Problem:
What is needed is an exact retyping of each entry, pictures excluded.

The input:
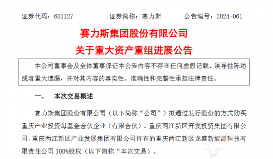 7月2日,公司董事会审议通过《关于购买资产的议案》,其控股子公司赛力斯汽车有限公司拟收购华为及其关联方持有的已注册或申请中的919项问界等系列文字和图形商标,以及44项相关外观设计专利,收购价款合计25亿元。
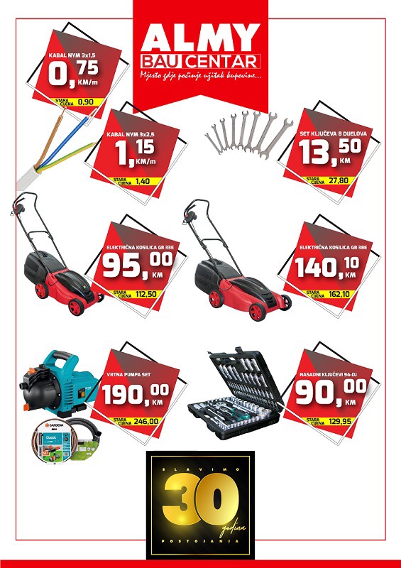 Slavimo 30 godina postojanja! Snizili smo cijene odabranih artikala u Bau centru Zenica. Akcija traje 7 dana i važi samo…
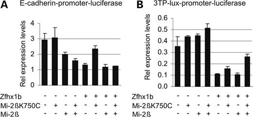 A dominant-negative variant of Mi-2β interferes with Zfhx1b-mediated repression of specific target promoters in reporter constructs. HEK293T cells were transiently transfected with constructs coding for Zfhx1b, wild-type or mutant Mi-2βK750C polypeptides, and the E-cadherin (A), or 3TPlux reporter constructs (B). Cells were harvested 48 h after transfection and were analyzed for luciferase activity. β-galactosidase activity corrected luciferase values are given.
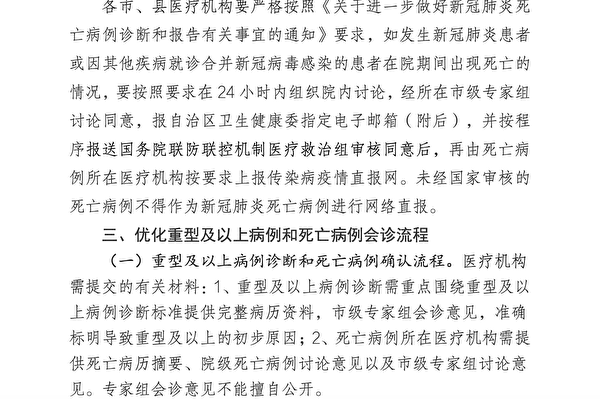 其中,就新冠死亡病例診斷和報告,文件要求,對於新冠患者或因其它疾病合併新冠病毒感染的患者在院期間出現死亡,要在24小時內完成院內討論,「經所在市級專家組討論同意,報自治區衛生健康委指定電子郵箱,並按程序報送國務院聯防聯控機制醫療救治組審核同意後,再由死亡病例所在醫療機構按要求上報傳染病疫情直報網。」「未經國家審核」的死亡病例不得作為新冠肺炎死亡病例進行網絡直報。
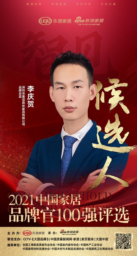 新浪家居讯 2021年10月18日,由乐居家居主办、新浪家居承办的「2021中国家居品牌官100强」正式启动。本次活动由 CCTV·大国品牌、中国质量新闻网·家居、家页智库、大国中居联合主办,全国工商联家具装饰业商会、中国室内装饰协会、中国建材流通协会中国林产工业协会,中国木材与木制品流通协会为本次活动指导单位。11月12日,童话森林品牌总监李庆贺获提名,成为「2021中国家居品牌官100强」候选人。
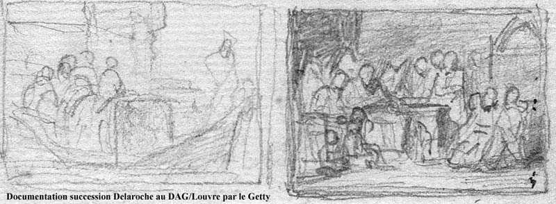 Ein erstes solches Pärchen (noch mit konventionellen Proportionen) ist auf einer Zeichnung in einer Privatsammlung überliefert. Man könnte denken, dass es sich rechts um eine Skizze zum "Mazarin" handelt. Tatsächlich zeigt eine weiter ausgearbeitet Fassung ein Motiv aus der Renaissance, wohl "Thomas Morus im Kreis seiner Familie". | Dans son abréviation, on pourrait prendre l'esquisse à droite pour une première idée de Mazarin: Deux dessins plus élaborés permettent de nous orienter dans un autre sens: l'un au Louvre, l'autre autrefois chez les héritiers de l'artiste. Il s'agit très probablement de Thomas More lisant la bible au sein de sa famille. |
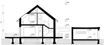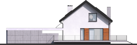 Graficzne opracowanie rzutów poglądowych widocznych na karcie projektu zostało wykonane przez Extradom.pl. Prezentowane przez Extradom.pl wizualizacje wykonane zostały przez autora projektu i należy poczytywać je jedynie za przykład i propozycję wykończenia, wizję architektoniczną autora projektu. Ostateczne wykończenie budynku może nastąpić na wiele sposobów. Szczegółowe rozwiązania zastosowane w oferowanej dokumentacji - w tym również ilość, lokalizacje i wygląd okien, drzwi, kominów - mogą w niewielkim stopniu różnić się od prezentowanej wizualizacji budynku.

Answer box:
 7月2日,公司董事会审议通过《关于购买资产的议案》,其控股子公司赛力斯汽车有限公司拟收购华为及其关联方持有的已注册或申请中的919项问界等系列文字和图形商标,以及44项相关外观设计专利,收购价款合计25亿元。
 Slavimo 30 godina postojanja! Snizili smo cijene odabranih artikala u Bau centru Zenica. Akcija traje 7 dana i važi samo…
 A dominant-negative variant of Mi-2β interferes with Zfhx1b-mediated repression of specific target promoters in reporter constructs. HEK293T cells were transiently transfected with constructs coding for Zfhx1b, wild-type or mutant Mi-2βK750C polypeptides, and the E-cadherin (A), or 3TPlux reporter constructs (B). Cells were harvested 48 h after transfection and were analyzed for luciferase activity. β-galactosidase activity corrected luciferase values are given.
 其中,就新冠死亡病例診斷和報告,文件要求,對於新冠患者或因其它疾病合併新冠病毒感染的患者在院期間出現死亡,要在24小時內完成院內討論,「經所在市級專家組討論同意,報自治區衛生健康委指定電子郵箱,並按程序報送國務院聯防聯控機制醫療救治組審核同意後,再由死亡病例所在醫療機構按要求上報傳染病疫情直報網。」「未經國家審核」的死亡病例不得作為新冠肺炎死亡病例進行網絡直報。
 新浪家居讯 2021年10月18日,由乐居家居主办、新浪家居承办的「2021中国家居品牌官100强」正式启动。本次活动由 CCTV·大国品牌、中国质量新闻网·家居、家页智库、大国中居联合主办,全国工商联家具装饰业商会、中国室内装饰协会、中国建材流通协会中国林产工业协会,中国木材与木制品流通协会为本次活动指导单位。11月12日,童话森林品牌总监李庆贺获提名,成为「2021中国家居品牌官100强」候选人。
 Ein erstes solches Pärchen (noch mit konventionellen Proportionen) ist auf einer Zeichnung in einer Privatsammlung überliefert. Man könnte denken, dass es sich rechts um eine Skizze zum "Mazarin" handelt. Tatsächlich zeigt eine weiter ausgearbeitet Fassung ein Motiv aus der Renaissance, wohl "Thomas Morus im Kreis seiner Familie". | Dans son abréviation, on pourrait prendre l'esquisse à droite pour une première idée de Mazarin: Deux dessins plus élaborés permettent de nous orienter dans un autre sens: l'un au Louvre, l'autre autrefois chez les héritiers de l'artiste. Il s'agit très probablement de Thomas More lisant la bible au sein de sa famille. |
 Graficzne opracowanie rzutów poglądowych widocznych na karcie projektu zostało wykonane przez Extradom.pl. Prezentowane przez Extradom.pl wizualizacje wykonane zostały przez autora projektu i należy poczytywać je jedynie za przykład i propozycję wykończenia, wizję architektoniczną autora projektu. Ostateczne wykończenie budynku może nastąpić na wiele sposobów. Szczegółowe rozwiązania zastosowane w oferowanej dokumentacji - w tym również ilość, lokalizacje i wygląd okien, drzwi, kominów - mogą w niewielkim stopniu różnić się od prezentowanej wizualizacji budynku.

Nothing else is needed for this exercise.